VI
Справедливо было сказано кем-то, что каждый приходит к тому, к чему тяготеет; нечто подобное должен был подумать и я, оказавшись в мартовский полдень на крыльце нашей поликлиники. В голове сидела одна-единственная мысль, прочная как гвоздь-«двухсотка», — меня отстранили от полетов на полгода. Если верить председателю комиссии, доктора отнеслись ко мне по-доброму, поскольку имели возможность отстранить и на год.
Я стоял на ступенях крыльца, бесцельно смотрел на просохший местами тротуар, на остатки грязного снега под деревьями, курил и все не решался пойти в штаб отряда и сообщить новость. Хотя вряд ли это известие могло оказаться новостью: туда уже позвонили. Плохие вести бегут впереди, это известно. Отстранение на любого летчика действует подобно удару по голове: не смертельно, но требует немедленного лечения, поскольку, кроме полетов, иной жизни нет и не предвидится, — но я-то последнее время думал, как бы оставить самолет, пожить без него и оглядеться. Отчего же и меня так ударило? Быть может, дело в том, что уйти самому и быть отстраненным не одно и то же? Наверное, а возможно, я получил то, что заслуживал.
Когда рано утром я поехал в поликлинику, у меня не появилось никакого предчувствия. Годовую медкомиссию я проходил не впервые и поэтому спокойно лежал на кушетке, пока снимали кардиограмму, с таким же чувством ожидал в коридоре вызова, побывал у терапевта, а затем — у хирурга и окулиста. Спокойно вошел и в кабинет невропатолога. Врач сидела за столом, писала что-то и одновременно разговаривала с медсестрой, пожилой женщиной в накрахмаленном, но все же желтом халате. Кажется, я ее раньше не встречал. С Валентиной Борисовной мне приходилось говорить не однажды, и поэтому и спокойно смотрел на нее и на белоснежный ломкий халат. Когда я вошел, она отвлеклась от разговора и поздоровалась.
Я назвал свою фамилию, понимая, что она могла и забыть.
— Так! — сказала она (у нее всегда выходило «тяк»), нашла мою книжку и снова взялась за писание. — Не люблю его, — продолжила она прерванный разговор. — Болел, но зачем-то поехал на Сахалин. Это, простите меня, поза. Поза, — повторила она, взглянув на медсестру. — А женщины! Их было немало, об этом мало кто знает, но...

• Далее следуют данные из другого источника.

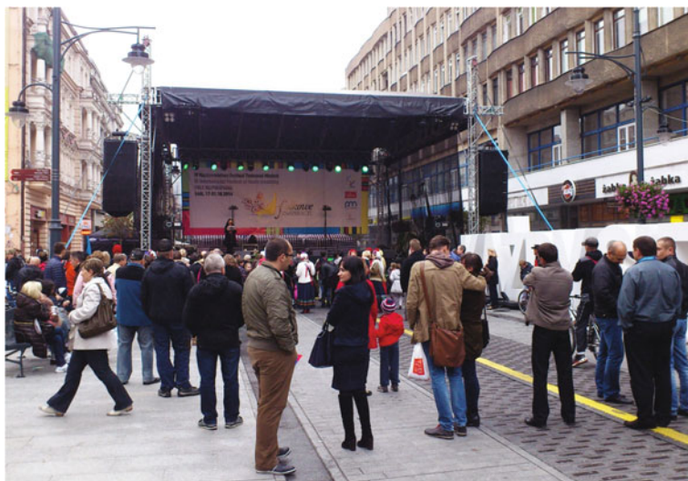
Fig. 2.1 The main street of Łódź (Piotrkowska Street) during a street festival in 2014.

As for the organisation of a festival event, it takes place at a specially designated place and time, is a public celebration and has a leading theme. A festival is an event based on extraordinary experiences (e.g. cultural) which during an event occupies specified place for a specified period of time. Moreover, a festival can be either a one-off or a regular event and may include a competition. As for the other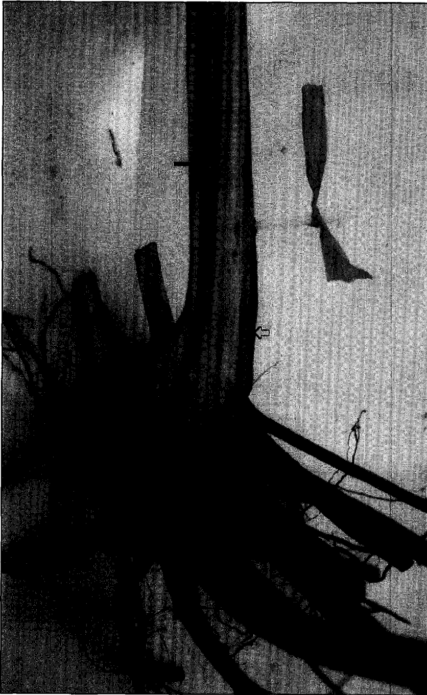
Figure 5. Upward movement of 2% acid fuchsin dye (solid arrows) after initial downward dye movement from an injection wound on the opposite side of the trunk on an American chestnut in July. Note position of plastic feeder tube with flag attached (hollow arrow) indicating position of injection wound.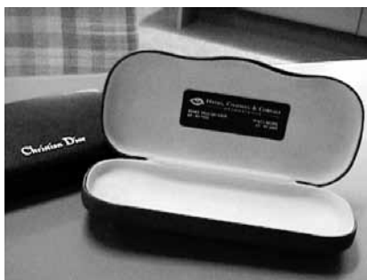
A case sticker should be used to identify the practice inside all designer cases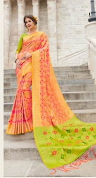
STYLE | 5137

Из этого «но» надо было делать вывод, что Валентина Борисовна знала. Сестра покосилась на меня и сказала, что она что-то читала и ей показалось интересным.

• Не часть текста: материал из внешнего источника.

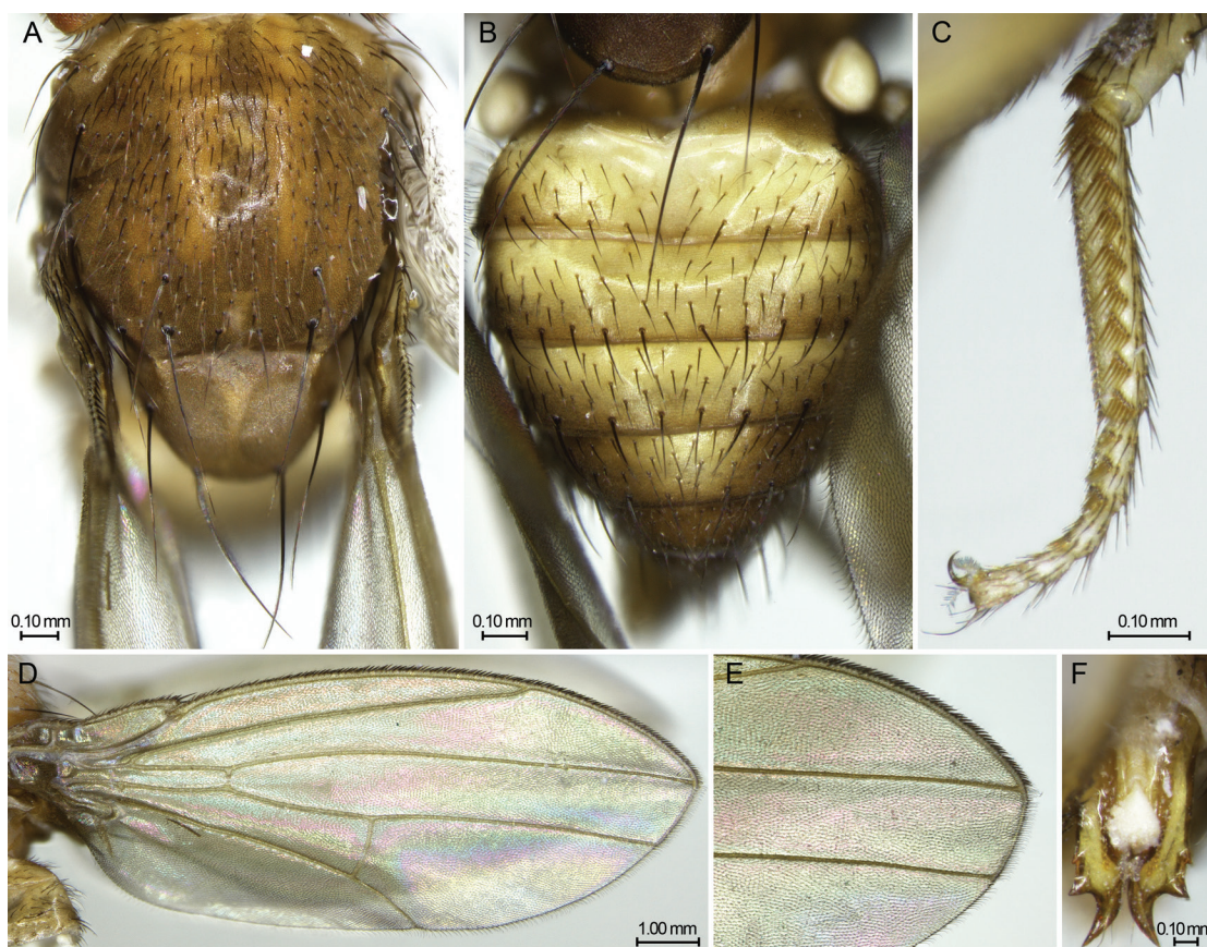
FIG. 2. Di. ancora . A–D: Male (same specimen as in fig. 1). A. Thorax, dorsal. B. Abdomen, dorsal. C. Right hind tarsus, mesal view. D. Wing. E. Female wing tip. F. Oviscapt, ventral.

2 or 3 ventral branches (exclusive of terminal fork). Vibrissa stout and long; genal setae on ventral margin of head are stout, sizes approximately equal to vibrissa, vibrissa index GS1/VL 1.10. Cheek very shallow, cheek/eye depth 0.07, gena deep, setose. Eye with dense ommatrichia, ED/EW 1.32; posteroventral margin flattened.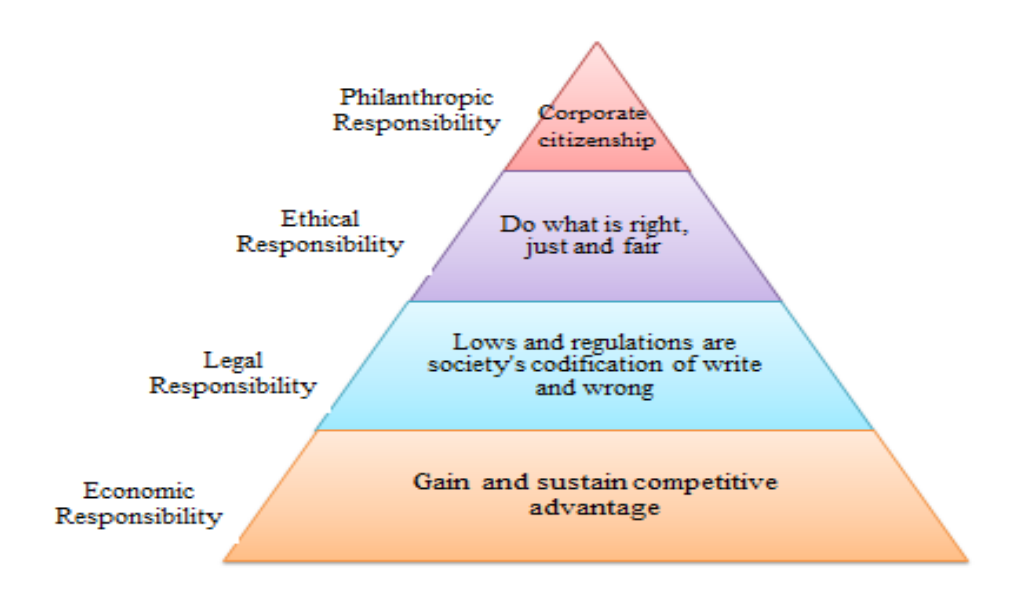
Figure (1.2): The pyramid of CSR

— Не знаю, — капризно возразила Валентина Борисовна. — У меня свое мнение: не люблю! И с обратным заключением никогда не соглашусь. Вы раздевайтесь, — предложила она мне поприветливее, а сестре посоветовала: — Подумайте — и придете к такому же мнению. Не зря же я его и читать не стала.
Сестра ничего не ответила, а мне пришло в голову, что работает она недавно и Валентина Борисовна спешно обращает ее в свою веру. Казалось бы, какое дело ей до этой женщины, которая явно дорабатывает до пенсии, была далека и от Сахалина, и от чтения и поддерживала разговор из вежливости. Как новенькая, она не слышала того, что было известно всем в поликлинике: Валентина Борисовна увлекалась литературой, что выражалось в основном в осведомленности о личной жизни писателя. Коллеги относились к этому довольно спокойно, старались, вероятно, избегать литературных разговоров, и однажды я слышал, как одна медсестра сказала другой: «Тяк!» — и они похихикали.

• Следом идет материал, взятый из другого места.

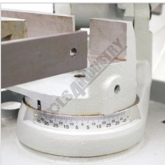
Swivel Head Scale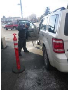
Visual inspection of emission control system (Larry's Chevron, Nampa) File name: 8_Visual_Inspection_Canyon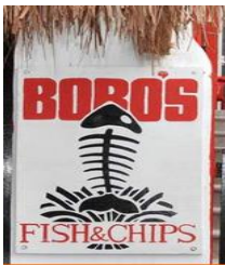
Bobo's Fish and Chips at its finest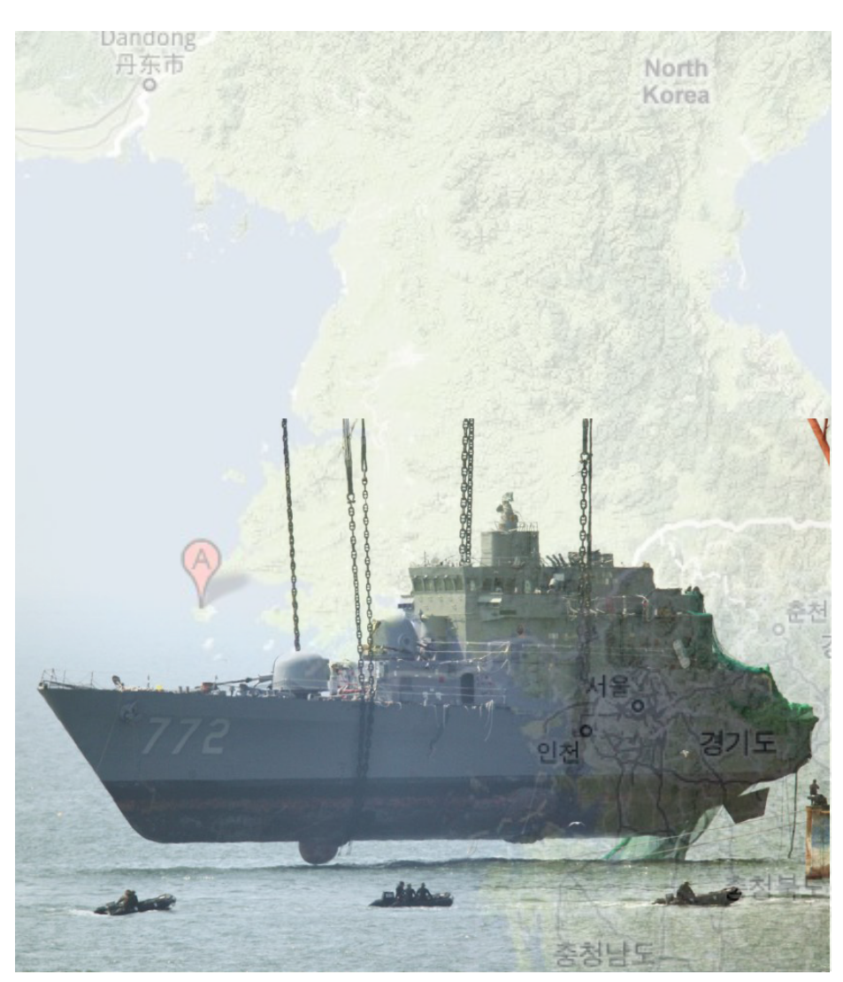
The wrecked remains of the ROK Navy corvette Cheonan, hoisted from the waters off north Korea.

"Should the south Korean authorities persist in their provocative war exercises in conspiracy with foreign forces, peace and stability will never settle on the Korean Peninsula but confrontation and distrust between the north and the south will further fester and this will lead to the outbreak of a nuclear war," it further stressed.

Я стоял полураздетый и ждал. Валентина Борисовна не торопилась. Она раскрыла мою книжку, полистала ее и, словно бы что-то вспомнив, зыркнула на меня. В этот момент сестра осторожно сказала, что, в общем-то, можно и ничего не читать, поскольку чтение ума не прибавляет, да и глаза беречь надо.
— Нет, — не согласилась Валентина Борисовна. — Но вот его я читать не собираюсь.
Смелое заявление, напоминающее известное «не ндравится». Присутствовать при таком разговоре не очень-то удобно вообще, к тому же еще и стоишь почти голый. Но быстрый взгляд Валентины Борисовны я все же заметил, хотя он и не насторожил меня: у каждого доктора своя система.
— Протянем ручки вперед, — сказала Валентина Борисовна, вставая из-за стола. — Ладошки вверх! Закроем глазки, достанем кончик носа, оскалимся... Так!
Она проверила мои рефлексы, вернулась к столу, и видно было, что-то ее расстроило. Она не предложила мне одеваться, листала книжку с сегодняшними записями, рассматривала их, а затем повернулась ко мне.
— Вы... — начала она, но тут же замолчала, снова заглянула в книжку и только после этого спросила: — Вы поняли, о ком мы говорили?
И довольно радушно улыбнулась.
Надо было прикинуться дураком — такие, как Валентина Борисовна, больше всего ценят именно эту категорию, — и она учла бы это в дальнейшем, но я ответил, что прекрасно понял.
— Да? — удивилась она так, будто бы я решил непосильную задачу. — Какое ваше мнение? Но — правду, и только правду!
Я понял, что мои дела плохи: такой призыв вызывал во мне недоверие.
— Что же вы молчите? Если у вас другое мнение, очень даже интересно.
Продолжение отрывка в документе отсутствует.